I have multiple actors scheduled and I'd rather wait for the update than add broker connection closing part to all scheduled actors :)

Bogdanp commented 5 years ago

@th0th in the mean time, you could also increase your heartbeat timeouts.

th0th commented 5 years ago

@Bogdanp not to pressure or anything but, do you have a time in mind for the update? I am just asking to schedule my own release :)

Bogdanp commented 5 years ago

I don't intend to make that change I mentinoed for a long time, sorry.

th0th commented 5 years ago

Oh, when you said I thought it was a trivial and planned change, sorry. I would better implement the workaround you suggested then.
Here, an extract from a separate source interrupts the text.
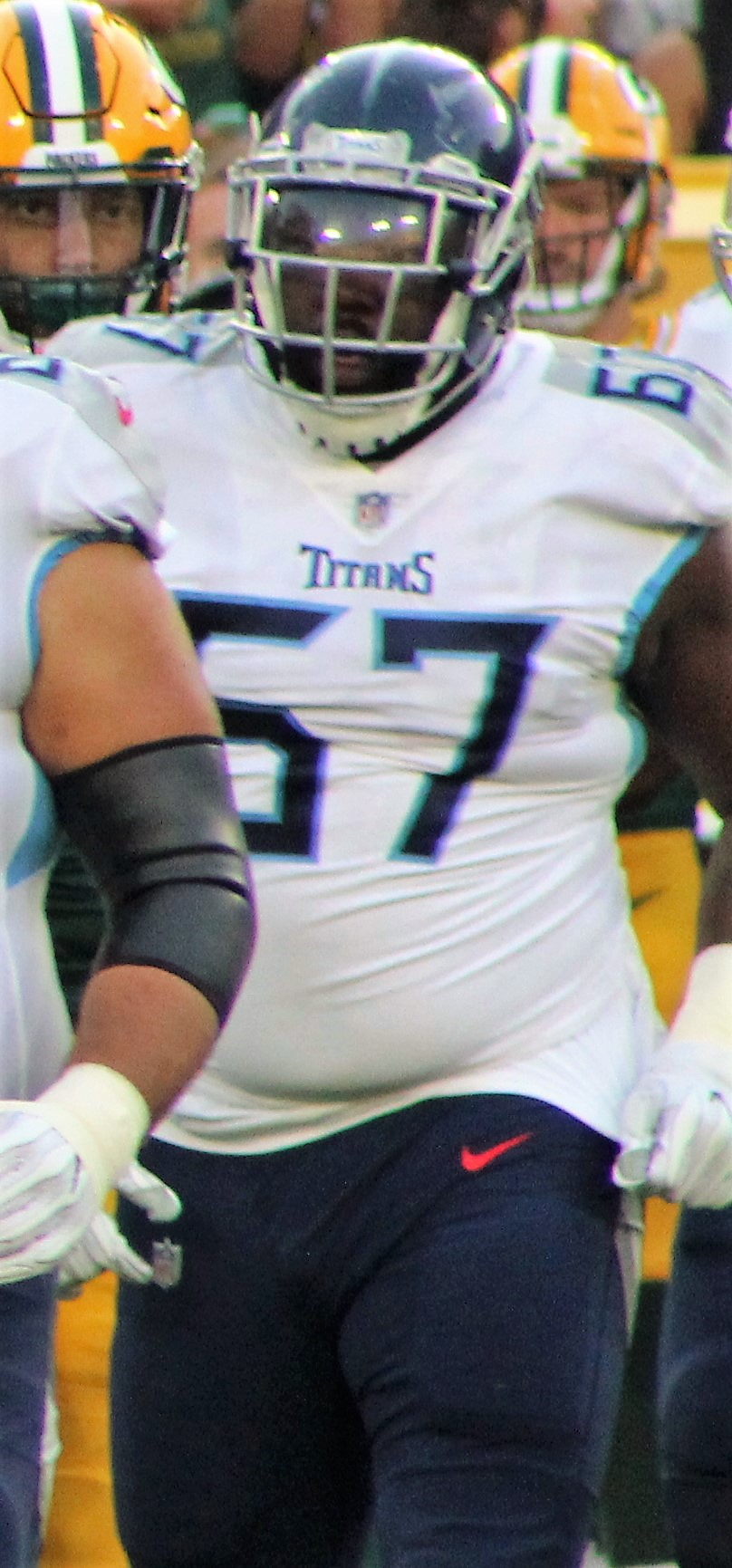 Quinton Spain, Tennessee Titans at Green Bay Packers (Preseason), August 9, 2018

Thank you @Bogdanp.

th0th commented 5 years ago

@Bogdanp I took your advice and added rabbitmq.get_broker().connection.close() to the end of each scheduled task and now I constantly get warnings like this:

[2019-07-14 08:06:47,943] [WARNING] dramatiq.worker.WorkerThread: Failed to process message task() with unhandled exception.
Traceback (most recent call last):
File "/usr/lib/python3.7/site-packages/dramatiq/worker.py", line 470, in process_message
res = actor(*message.args, **message.kwargs)
File "/usr/lib/python3.7/site-packages/dramatiq/actor.py", line 145, in __call__
return self.fn(*args, **kwargs)
File "./project/apps/app/tasks.py", line 173, in task
dramatiq.get_broker().connection.close()
File "/usr/lib/python3.7/site-packages/pika/adapters/blocking_connection.py", line 787, in close
raise exceptions.ConnectionWrongStateError(msg)
pika.exceptions.ConnectionWrongStateError: BlockingConnection.close(200, 'Normal shutdown') called on closed connection.

Am I doing something wrong?

th0th commented 5 years ago

I think I came up with a proper workaround and I wanted to share in case someone else stumbles upon the same issue:

import importlib
import signal
import sys

from apscheduler.schedulers.blocking import BlockingScheduler
from apscheduler.triggers.interval import IntervalTrigger
from django.core.management.base import BaseCommand

def send(job_path):
    module_path, func_name = job_path.split(':')

    task_module = importlib.import_module(module_path)
    task = getattr(task_module, func_name)

    task.send()

    dramatiq.get_broker().connection.close()

class Command(BaseCommand):
    help = 'Run task scheduler'

    def handle(self, *args, **options):
        scheduler = BlockingScheduler()

        scheduler.add.job(
            trigger=IntervalTrigger(
                seconds=30,
            ),
            name='task1',
            func=send,
            kwargs={
                'job_path': 'project.apps.app.tasks.task1'
            },
        )

        def shutdown(*args):
            self.stdout.write("Exiting...")
            sys.exit(0)

        signal.signal(signal.SIGINT, shutdown)
        signal.signal(signal.SIGTERM, shutdown)

        self.stdout.write("Discovered tasks:")

        for s in scheduler.get_jobs():
            self.stdout.write(f"* {s.name} - {s.trigger}")

        self.stdout.write("\nStarting scheduler...")

        scheduler.start()

        return 0
xunto commented 1 year ago

Sorry for necroposting, but I want to express my interest in actual fixes for this (not just a workaround). I assume it is not worked on at the moment?